**Exercise material:**
______________________________

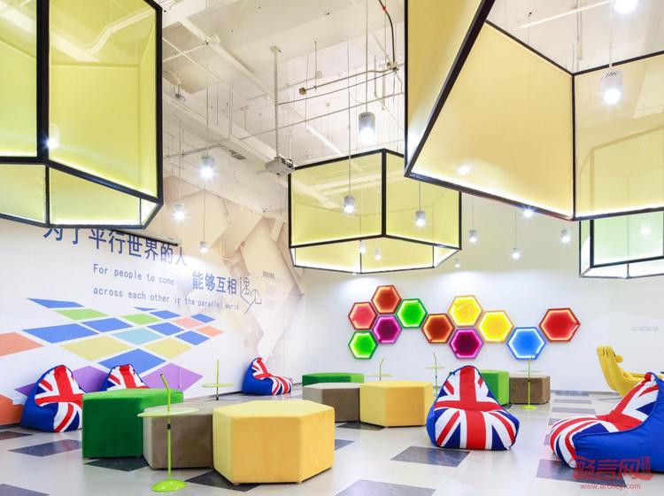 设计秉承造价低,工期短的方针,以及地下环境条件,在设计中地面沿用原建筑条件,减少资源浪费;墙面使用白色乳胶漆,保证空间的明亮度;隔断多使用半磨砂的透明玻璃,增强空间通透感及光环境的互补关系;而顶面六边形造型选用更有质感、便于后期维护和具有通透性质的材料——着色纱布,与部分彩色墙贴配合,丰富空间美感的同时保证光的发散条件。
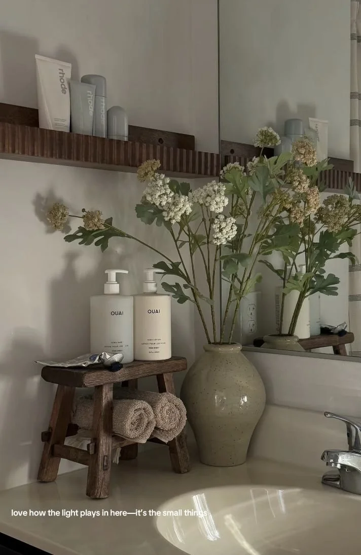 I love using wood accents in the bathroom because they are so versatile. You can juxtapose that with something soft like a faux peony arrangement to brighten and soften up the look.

______________________________

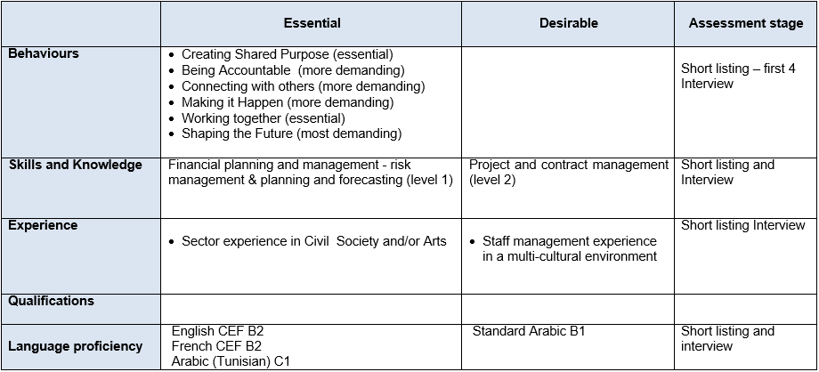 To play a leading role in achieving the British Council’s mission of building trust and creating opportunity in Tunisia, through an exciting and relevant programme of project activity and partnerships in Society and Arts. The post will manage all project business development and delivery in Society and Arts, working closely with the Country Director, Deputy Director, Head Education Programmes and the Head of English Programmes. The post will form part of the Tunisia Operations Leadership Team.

______________________________

**Your goal:** Respond with the exact lines above running from the one containing "设计秉承造价低,工期短的方针" to the one containing "I love using", both ends kept and no pictures included.

**Task answer:**
 设计秉承造价低,工期短的方针,以及地下环境条件,在设计中地面沿用原建筑条件,减少资源浪费;墙面使用白色乳胶漆,保证空间的明亮度;隔断多使用半磨砂的透明玻璃,增强空间通透感及光环境的互补关系;而顶面六边形造型选用更有质感、便于后期维护和具有通透性质的材料——着色纱布,与部分彩色墙贴配合,丰富空间美感的同时保证光的发散条件。
 I love using wood accents in the bathroom because they are so versatile. You can juxtapose that with something soft like a faux peony arrangement to brighten and soften up the look.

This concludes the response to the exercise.